製造業下振れと政策サポート拡大の「綱引き」
■足元の経済データをみると、製造業は景況感の悪化傾向が続いており、製造業の調整はやや長引く懸念が出てきました。
■一方、非製造業(サービス業)の景況感は相対的に堅調を維持しています。これは、主要国で一斉に金融政策の正常化が「停止」されたことに加え、中国が全国人民代表大会(全人代)でやや強めの財政刺激策を打ち出したことなど、政府・中銀が景気の下振れリスクに対して素早く反応したことで、政策の効果とそれに対する期待が広がっていることが背景です。その結果、製造業下振れと政策サポート拡大の「綱引き」が、製造業と非製造業の景況格差の拡大となって表れています。
■日本の輸出統計から世界経済の動向を探ると、地域別には、1、2月の日本からの輸出減少の大半が中国やNIEsなど、アジア向け輸出の落ち込みが寄与していることがわかります。品目別では、輸出減少の5~6割が半導体製造装置を中心とする一般機械と、半導体・電子部品、電気回路となっています。アジア地域を中心にIT関連で在庫調整が行われると共に、一部設備投資が先送りされていることが今回の製造業の景況悪化の主要な背景になっていると考えられます。
■国際産業連関表(2014年)を使った試算によると、「コンピュータ・電子製品・光学製品」の生産が10%減少すると、世界GDPを約0.5%押し下げます。これだけで、世界不況をもたらすほどではないにしても、世界経済にとって無視できない度合いのインパクトを与えているとみられます。
グローバルPMI
日本の地域別輸出前年比
IT関連生産などが下振れた場合のGDPに対するインパクト
金融政策の正常化は停止
■米連邦準備制度理事会(FRB)は3月の連邦公開市場委員会(FOMC)後に、年内は政策金利を据え置く方針を示唆すると同時に、バランスシート縮小も9月で終了することを決定しました。

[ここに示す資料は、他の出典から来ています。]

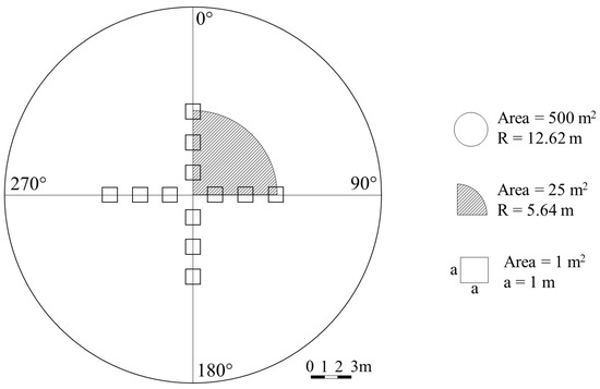 In each stand, depending on the size, two to four circular plots with an area of 500 m2 were established (Figure 2); accordingly, 15, 28 and 24 plots in the PL, UM and OG stands were set up, respectively. Within each plot, the dimensions (height and diameter at breast height) and positions of all trees (living and dead) with the diameter at breast height (DBH) exceeding 6 cm were measured. The dimensions of undergrowth and advanced growth with DBH of 2.1–6.0 cm were measured in a 90° segment of a 100 m2 subplot (with a common centre; Figure 2). For the lying deadwood thicker than 6 cm (thick end), the length and diameter at the thin and thick end within the margins of the sample plot (intersected by the plot) were measured. The surveys and sampling were conducted from 2020 to 2023.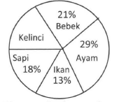 Diagram lingkaran di atas menunjukkan data jenis hewan peliharaan dari penduduk suatu desa. Jika jumlah penduduk desa itu adalah 200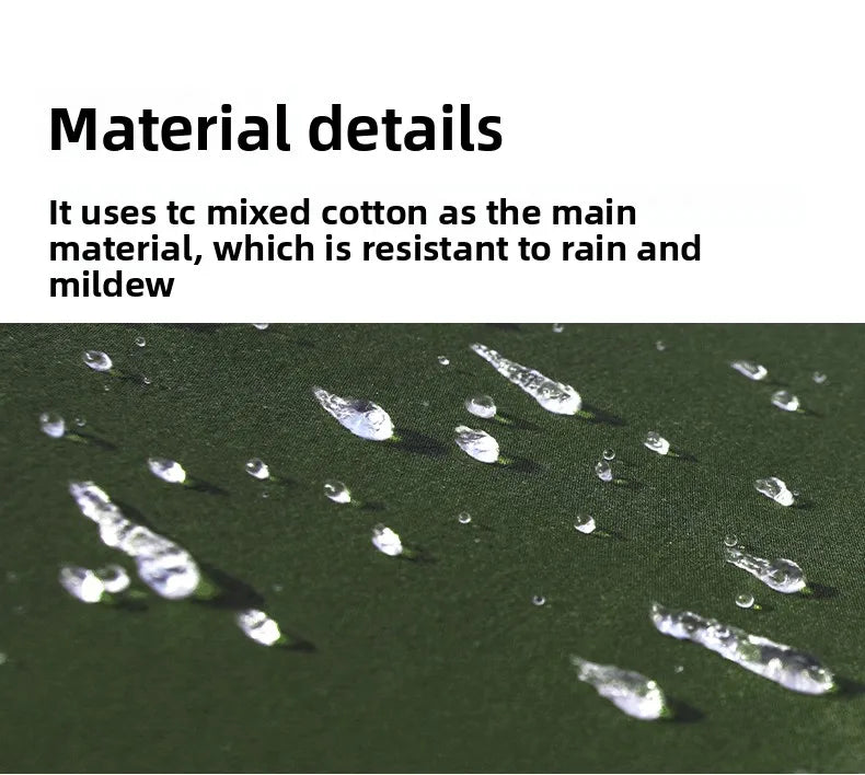 Durable Material: Made from TC cotton, offering resistance to rain and mildew, ensuring longevity and reliability in various outdoor conditions.
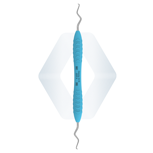 Viimeistelykyretti molaarien distaalipinnoille. Minikyretissä on pidennetty alavarsi ja lyhyempi työosa. Vaaleansininen Ergo X varsi. Varren halkaisija 11,5 mm.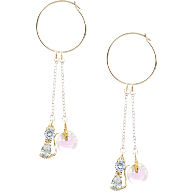 このピアスは「洗練」と「可愛らしさ」をテーマにしており、ガラスビーズの透明感と猫のCZチャームがあなたの魅力を引き立てます。ユニークなデザインが、日常使いから特別なシーンまで幅広くあなたを彩り、自信を持たせてくれることでしょう。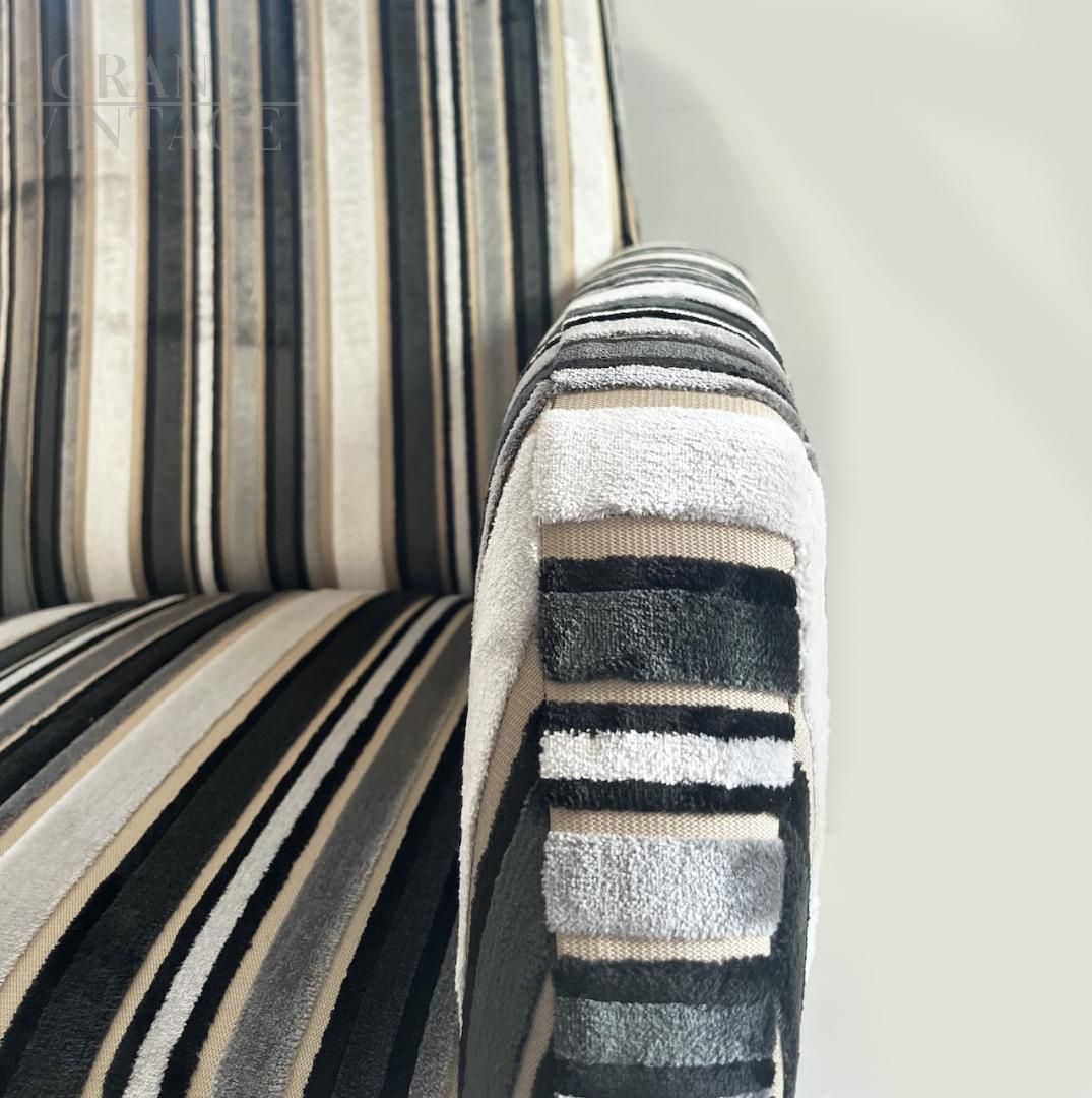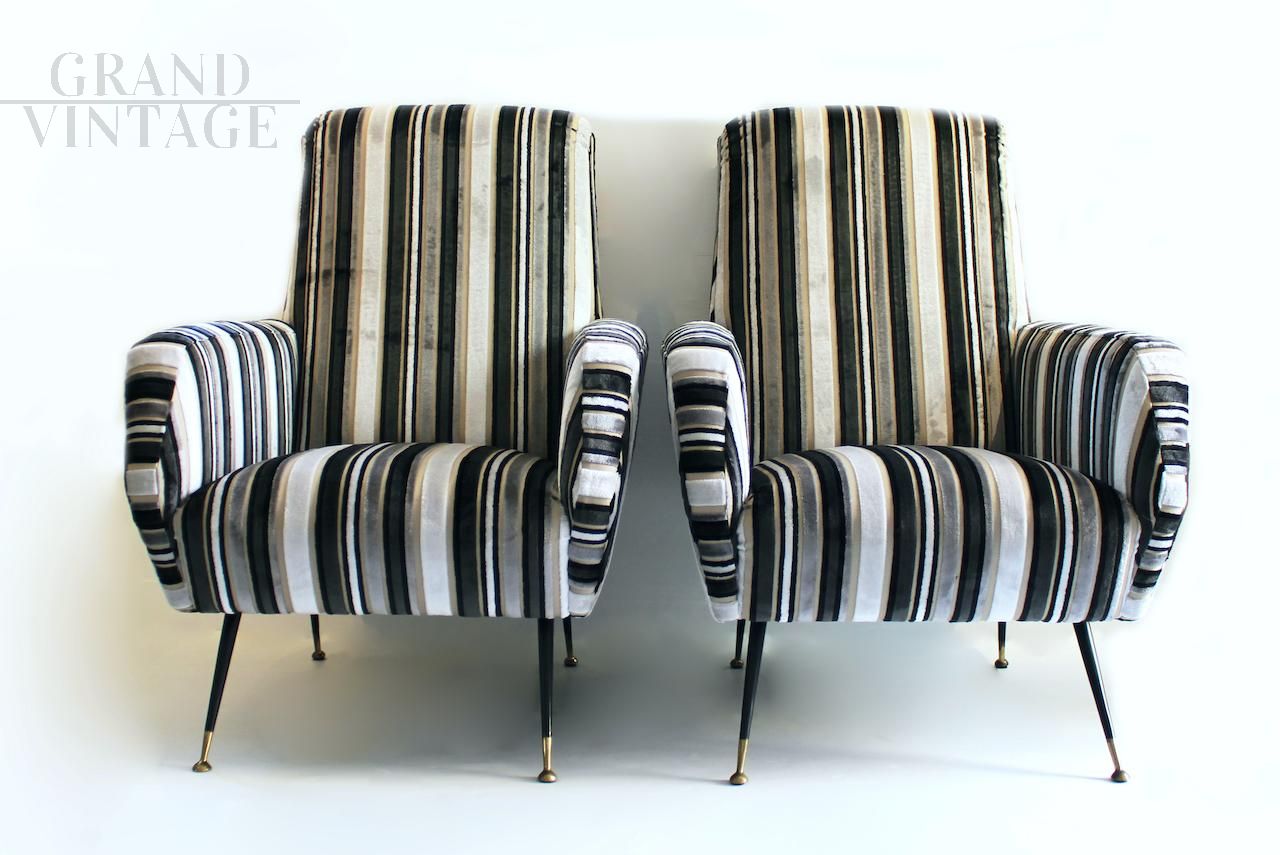 Particular pair of vintage armchairs in black and white striped velvet with original frame, iron legs and brass feet, Italian mid-century modern from the 70s.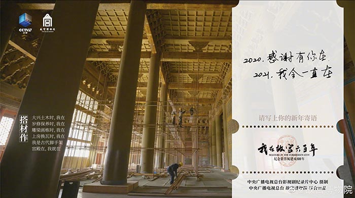 在《我在故宫六百年》中,故宫人痴心寻访海月贝壳,按照传统工艺绘制保存彩画小样,在换好的构件上标注更换日期……这些,都体现了一颗久违的、炽热的匠心。长春宫游廊彩画绘制;养心殿扶脊木更换;角楼、乾隆花园古华轩修缮等,则展现了匠人高超的技艺和智慧。可以说,片中故宫的“丹宸永固”大展、养心殿研究性保护项目、古建岁修保养的背后,站着的是几代故宫人,也正是因为这些人,古老宫殿修缮的技艺和智慧才得以丰富发展,代代延续。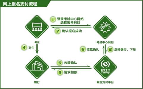 2、網(wǎng)上預(yù)報名后,請您登陸繳費頁面,選擇易寶支付提供的支付方式進行繳費。繳費流程圖如下: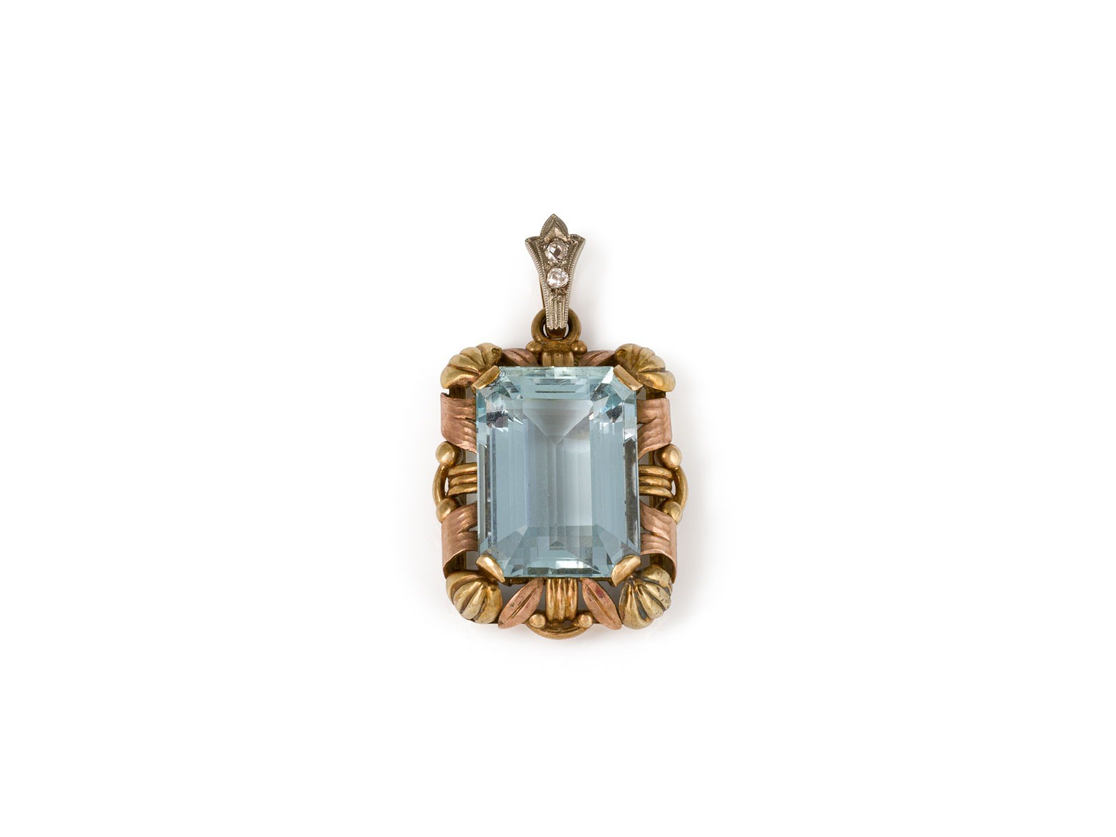 RECHTECKIGER AQUAMARIN ANHÄNGER Maße: L.(inkl. Öse): ca. 39,5 mm, B.: ca. 22,4 mm. Ges.-Gew.: ca. 9,3 g. Anhänger mit einem rechteckigen, facettierten Aquamarin von ca. 16.17 ct. in einer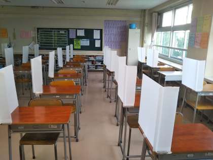 さて、来週からは6時間授業になります。課題となったパーティションを工夫をしたり、校長室前のブラックボードではコロナの注意喚起をしています。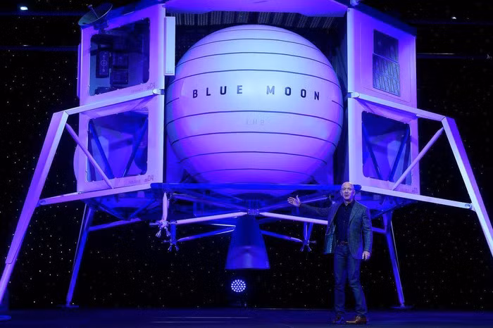 Ngày 9/5, tại Washington DC, nhà sáng lập Amazon Jeff Bezos công bố kế hoạch chinh phục Mặt trăng và giới thiệu chiếc tàu đổ bộ Blue Moon. Theo Reuters, Jeff Bezos mô tả đây là tàu vũ trụ khổng lồ cao hai tầng, có khả năng mang theo 4 tàu du hành nhỏ hơn và đưa chúng lên bề mặt của "chị Hằng".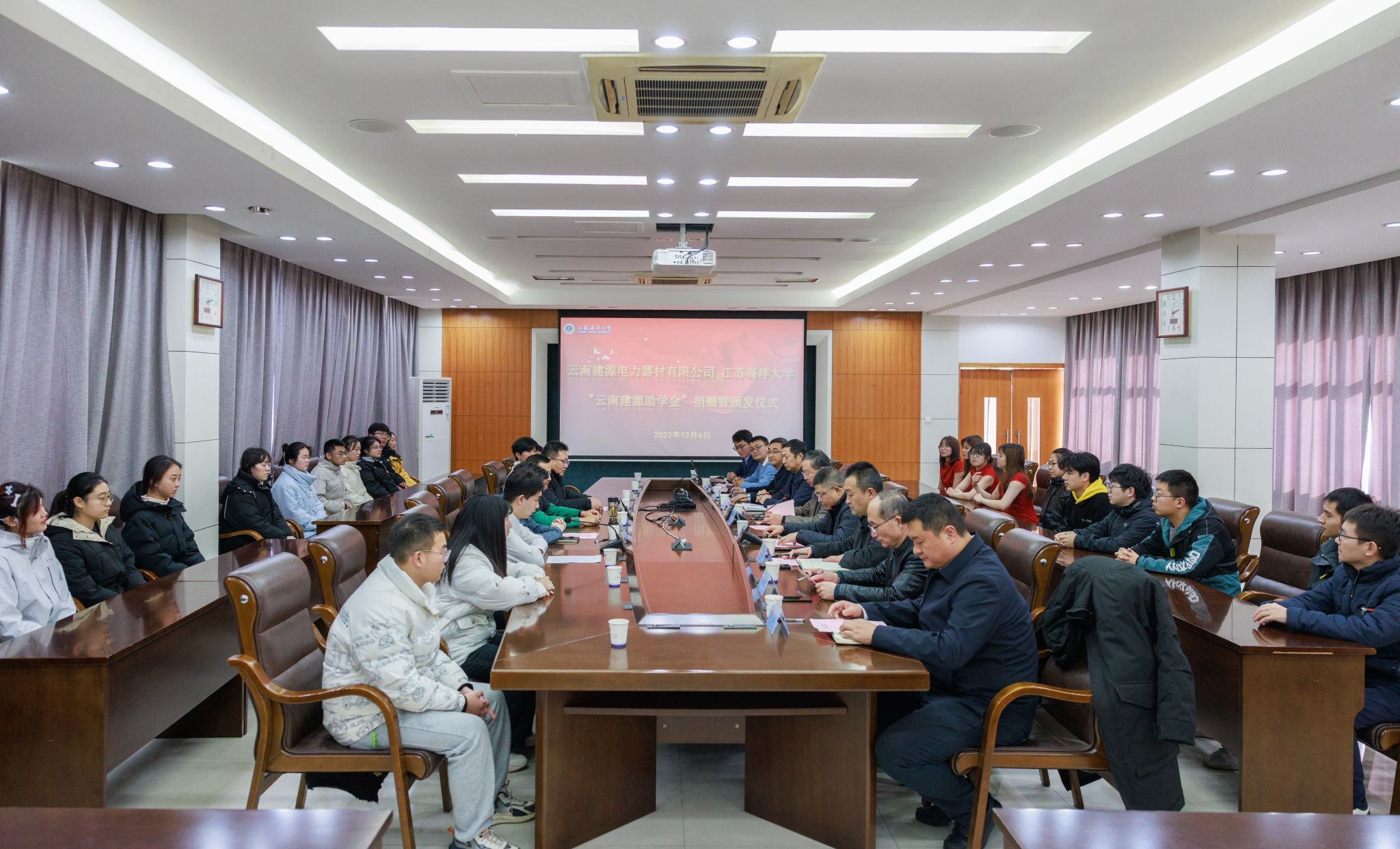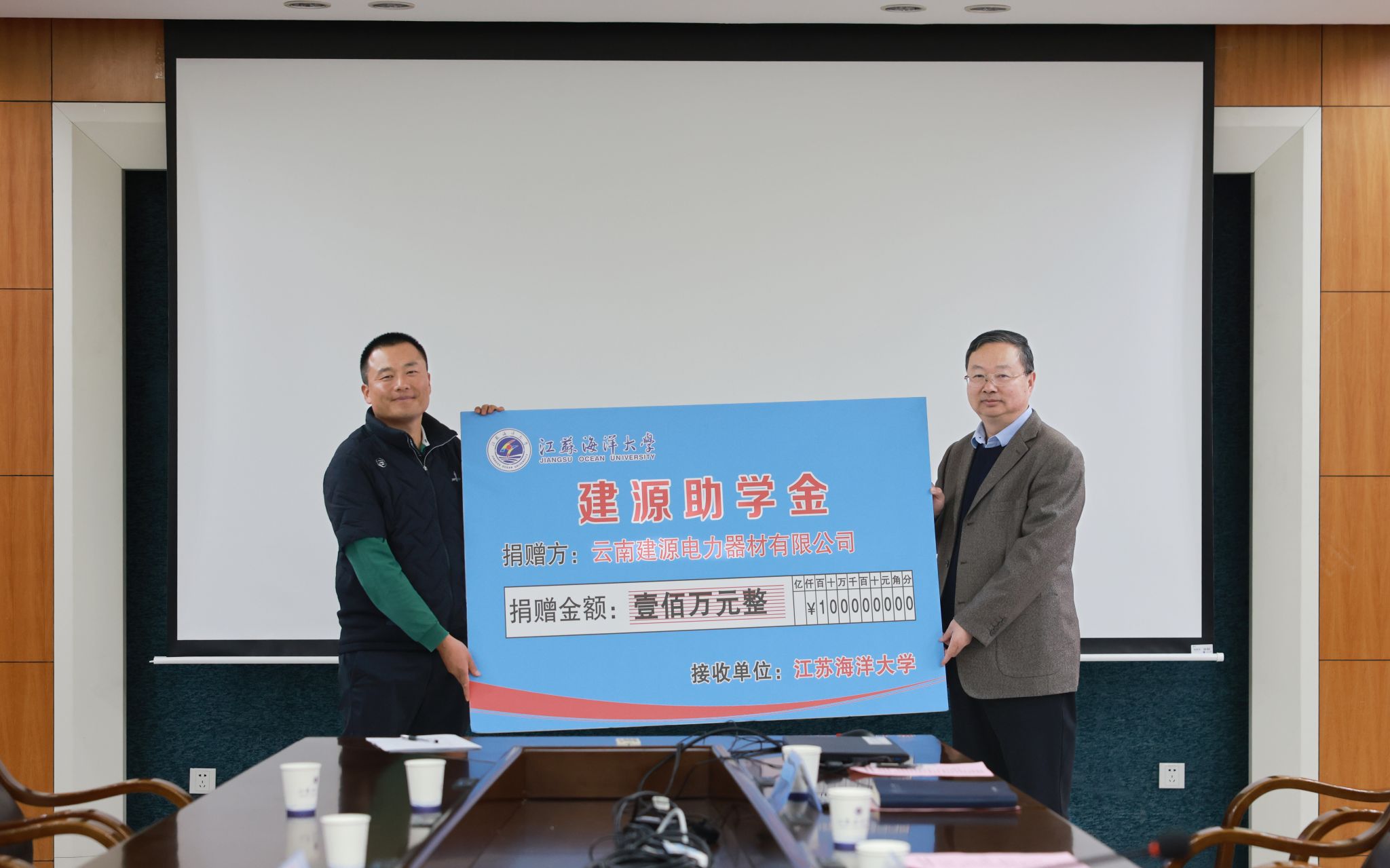 12月6日下午,云南建源电力器材有限公司—江苏海洋大学“云南建源助学金”捐赠暨颁发仪式在文渊楼会议室举行。校长宁晓明出席仪式,我校商学院管理012班校友、云南建源电力器材有限公司董事长陈威,总经理助理张亚卡,学生工作处、校友工作处、商学院、计算机学院相关领导及老师,以及首批四十名获助学生参加活动。副校长朱国军主持仪式。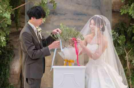 ご新郎様のお名前の「大地」とご新婦様のお名前の「美咲」にちなんでの演出を考えました。「大地に美しく咲く」ようにオリーブ木にリボンを付けました。植樹ではなくFESっぽくリボンを付ける演出としました。お二人だけではなく証人となるご友人様にもリボンをつけて頂き、今後もご自宅で飾ることのできるアイテムとなりました。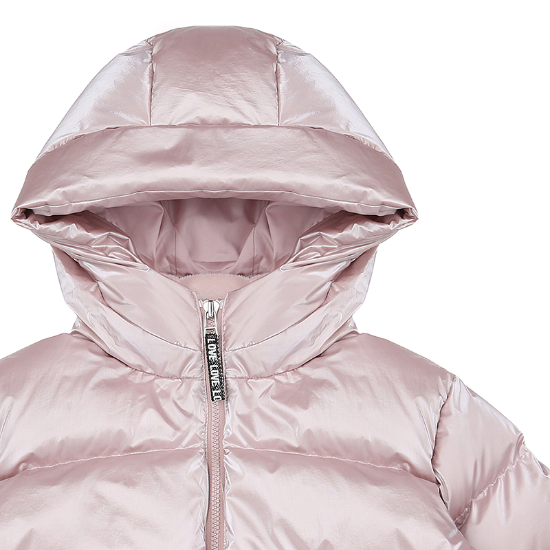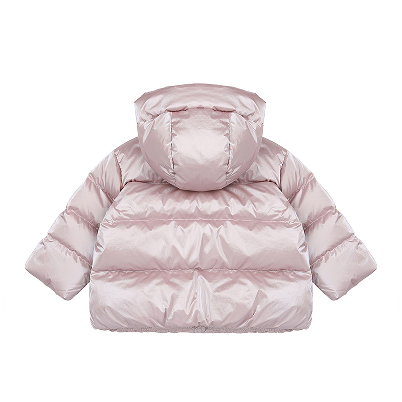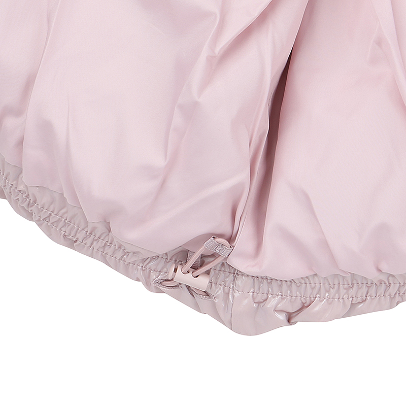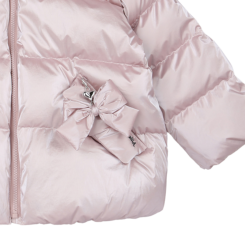 은은한 펄감이 있는 샤이닝한 소재를 사용한 오리털 점퍼입니다. 중힙 기장 후드 스타일로 사선 퀼팅으로 변화를 준 점퍼입니다. 포켓에 패딩 리본 장식으로 귀여운 포인트를 주었습니다.

これに先立ち欧州中央銀行(ECB)もフォワードガイダンスを修正し、政策金利の年内据え置きを決めています。利上げバイアスを事実上撤廃、中立に戻した豪州、カナダなどを含め金融政策正常化の動きが事実上一時停止されたといえます。金融政策の正常化で先行してきた米国ですら政策金利は2%台半ばであり、景気が下振れてインフレ率が低下し始めた場合の政策対応の余地が非常に限られています。このため、生産・貿易の下振れリスクが高まったことに対して、敏感に反応したとみられます。
先物市場における政策金利の予測
金融政策の正常化は停止
■中国政府が3月の全人代で示した2019年の財政赤字はGDP比で▲2.8%と前年から▲0.2%ポイントの赤字拡大にとどまりますが、特別基金(主に過去に地方政府が使い残した剰余金)からの繰り入れ金を除くと同▲4.3%と前年から▲1%ポイント以上拡大しています。景気が予想より下振れた場合でも対応できるよう財政の「発動枠」を確保し、ダウンサイドを限定したものといえます。
中国の景気対策~政府予算
現状「綱引き」状態だが、メインシナリオは年後半にかけて「リスク・オンへの転換」
■金融市場では世界的な長期金利低下や米国の長短金利の逆転(逆イールド)を景気後退の兆候とみる議論もあります。しかし今回は、金融当局の緩和方向への政策転換の結果として起こったものであり住宅や建設投資などの刺激を通じて景気サポートにつながると思われます。製造業関連のデータからみて世界経済が1-3月に底を打ったとしても4-6月の立ち直りがなお緩やかなものにとどまる可能性が高いことから、市場はしばらく悲観と楽観の間で揺れることになると見られますが、景気の緩やかな回復が見込まれることから、メインシナリオは年後半にかけて引き続き「リスク・オンへの転換」です。